Wird aber die Sonne einem Bräutigam verglichen, der aus seiner Kammer geht, so ist Christus der rechte Bräutigam unserer Seelen, der Aufgang aus der Höhe. Er kommt aus dem Schoß seines himmlischen Vaters zu uns lieblich, freundlich, holdselig, tröstlich. Und wenn wir uns diese herzliche Liebe Christi könnten recht vorstellen, so könnte uns kein Leid so hoch betrüben, als uns diese Liebe könnte erfreuen. Und wie ein Bräutigam um seine Braut wirbt und sich bemüht, ihre Liebe zu gewinnen, so wirbt der HErr um unsere Seelen durch Wort und Sakrament und durch den heiligen Geist, dass wir uns ja sollen abwenden von der Welt und Christum lieb haben, auf dass wir nicht mit der Welt verderben. Und wie ein Bräutigam seiner Braut aus reiner Liebe alle seine Güter mitteilt und auch alle ihre Schwachheit und Gebrechen trägt, so nimmt Christus unser Elend auf sich und teilt seinen Gläubigen alle seine Gerechtigkeit, Leben und Seligkeit und sein ewiges, himmlisches Erbe mit. Wenn wir das bedächten, es würde uns das Zeitliche nicht so hoch betrüben und bekümmern! Ein Bräutigam schützt auch seine Braut; so schützt der HErr mächtiglich seine Kirche und erhält Alle, die ihm vertrauen, wider alle Höllenpforten.

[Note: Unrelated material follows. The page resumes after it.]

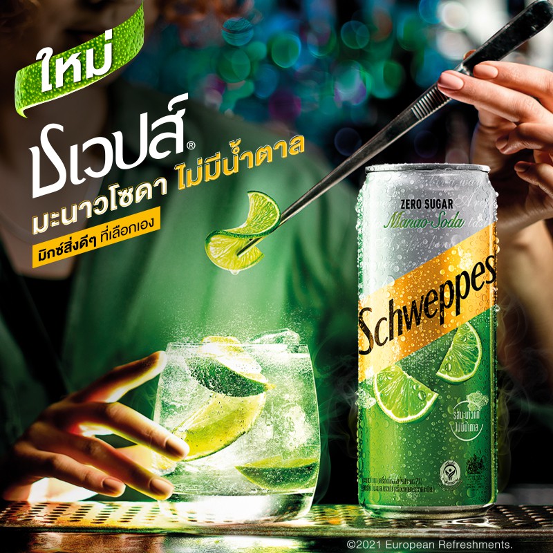 [Gift] ชเวปส์ น้ำอัดลม มะนาวโซดา สูตรไม่มีน้ำตาล 330 มล. Schweppes Soft Drink Lime Soda Zero Sugar 330ml

Endlich ist aber auch der HErr Christus der freudige Held: es wird das Szepter von Juda nicht genommen, bis der Held komme, und dem werden die Völker anhangen (1 Mos. 49,10). Er heißt Rat, Kraft, Held, ein rechter Durchbrecher, der Löwe vom Stamme Juda, der überwunden hat (Jes. 9.6. Mich. 2.13. Offenb. 5,5). Und wie Joseph, Josua und David Helden waren, denen alles gelingen musste, so ist auch Christus beschrieben (Ps. 45,4): gürte dein Schwert an deine Seite und schmücke dich schön, du Held! Und Jes. 53,11.12: darum, dass seine Seele gearbeitet hat, wird er seine Lust sehen und die Fülle haben, und des HErrn Werk wird durch seine Hand fortgehen. Niemand wird ihn hindern und aufhalten können in seinem Werk, wie die laufende Sonne am Himmel. Denn wie die Sonne regiert er Alles und herrscht über Alles, und ist unbegreiflich, wie er regiert. Ihm sei Macht und Ehre in Ewigkeit! Bald werden wir ihn auch sehen wiederkommen in seiner Herrlichkeit und hören sagen: kommt her, ihr Gesegneten meines Vaters! So ist sein ganzer Lauf vollendet. Amen.

Gebet.

Dir sei Lob, Preis, Ehre und Dank, du treuer, barmherziger Gott, Vater, Sohn und heiliger Geist, für die gnadenreiche Predigt deines lieben und heiligen Evangeliums, durch welches du dir in aller Welt, so weit der Himmel ist, und Tag und Nacht wechselt, in allen Sprachen eine ewige Kirche sammelst und erhältst, die dich, Gott Vater, recht erkennt, und dich, HErr JEsu, für ihren Bräutigam und Gnadenschatz hält, und dich, o heiliger Geist, recht ehrt, und durch dich in das Geheimnis der heiligen Schrift geführt wird. Hilf ja, du treuer Gott, dass wir dies dein Evangelium und seligmachendes Wort hochhalten und dadurch recht unterwiesen, getröstet, gestärkt und erhalten werden, in deiner Furcht leben und Vergebung aller unserer Sünden aus Gnaden erlangen, vor falscher Lehre uns hüten und dich recht anrufen, recht fürchten, lieben, ehren, loben und preisen und dir allezeit angenehm und wohlgefällig seien und bleiben von nun an bis in Ewigkeit! Amen.